People v. Remer

243 A.D. 566 | N.Y. App. Div. | 1934

Judgment of the County Court of Kings county convicting defendant of the crime of taking unlawful fees in violation of section 1826 of the Penal Law reversed on the law and a new trial ordered. Independent and corroborative proof tending to connect the defendant with the commission of the crime was essential. Such proof need not be of great probative force. (People v. Dixon, 231 N. Y. 111, 116.) We are of opinion that the proof in the case, as submitted to the jury, while *567competent, did not, standing alone, measure up to the standard required. The applicability of the Code of Criminal Procedure (§ 399), the status of Campo as an accomplice as a matter of law, and the need of independent proof were not presented to the jury by the learned trial judge in any form in his charge. However, had the testimony of the special investigator of the public welfare department as to an alleged admission made by the defendant not been struck from the record by the trial court, there would have been ample corroboration.

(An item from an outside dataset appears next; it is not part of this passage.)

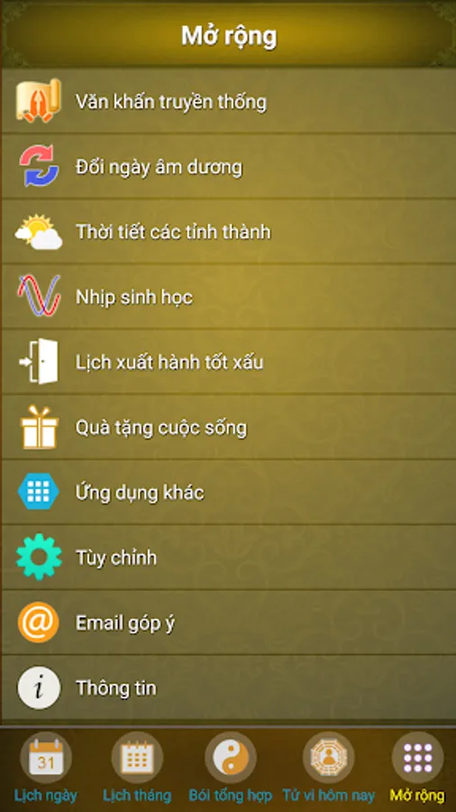You will have access to a wide range of useful features such as divination, horoscope, spiritual life activities such as making vows, watching the zodiac day, good and bad times, ...
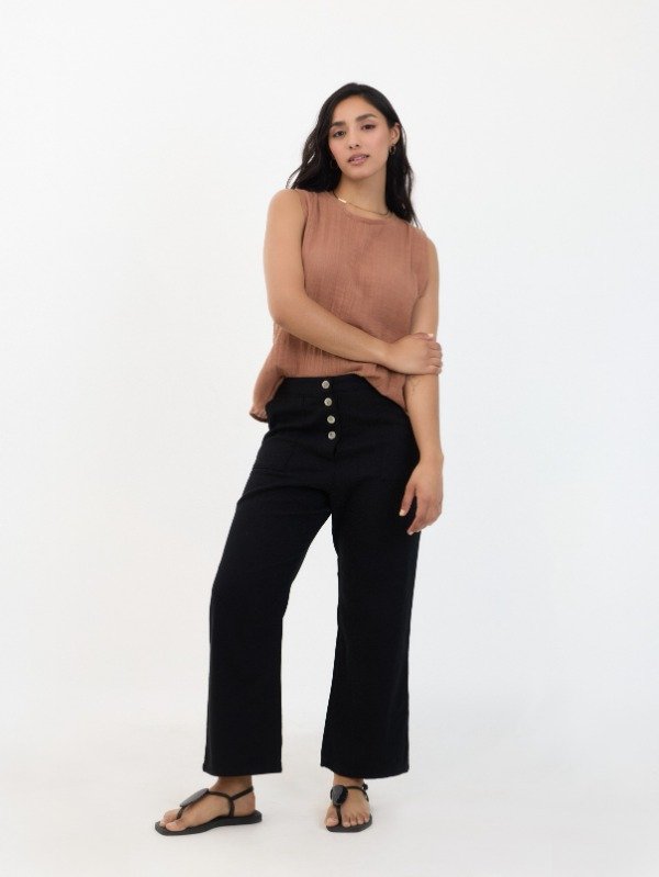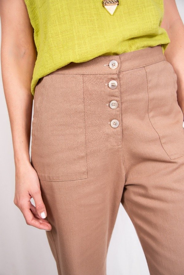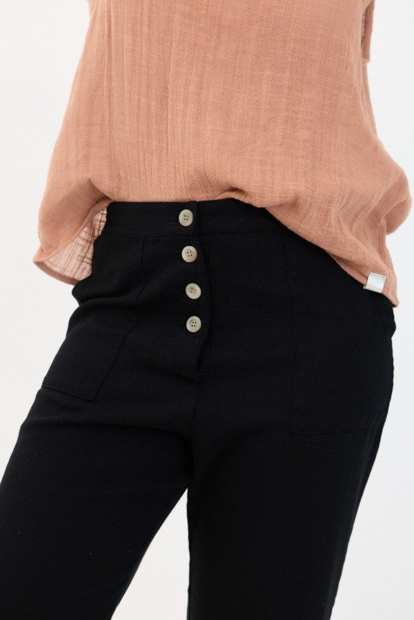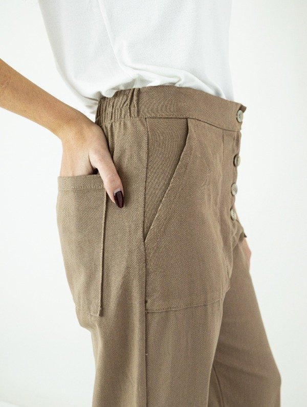 Pantalón rígido en gabardina liviana con trama bien marcada. corte semi wide leg con cartera con botones a la vista. Bolsillos delanteros y uno plaque trasero. La cintura tiene elástico solo en la parte trasera lo que le da mucho confort a la prenda y se adapta a diferentes cinturas.

That testimony was struck out on the theory that it was inadmissible because it involved the commission of independent crimes. The nature of the admission was that defendant had taken fifty dollars by way of gratuities generally but could not remember whether or not all or part of that sum was received from this particular complainant. It was, therefore, impossible to segregate from that admission, as bearing upon this particular crime, the admission of the defendant as to the commission of other crimes. But that did not render the admission useless as evidence against him. It was for the jury, under the circumstances, to determine the applicability of the general admission of money taken to the specific crime charged in the indictment (Commonwealth v. Sawtelle, 141 Mass. 140; People v. Cahill, 193 N. Y. 232) in conjunction with the poor memory of the defendant as to the complaint in question. The admission here was competent and, on the new trial, should be submitted to the jury by the trial court, under proper safeguards in the way of instruction to the jury to disregard that element of it which dealt with the commission of other crimes. Lazansky, P. J., Hagarty, Tompkins and Davis, JJ., concur; Carswell, J., dissents and votes to affirm.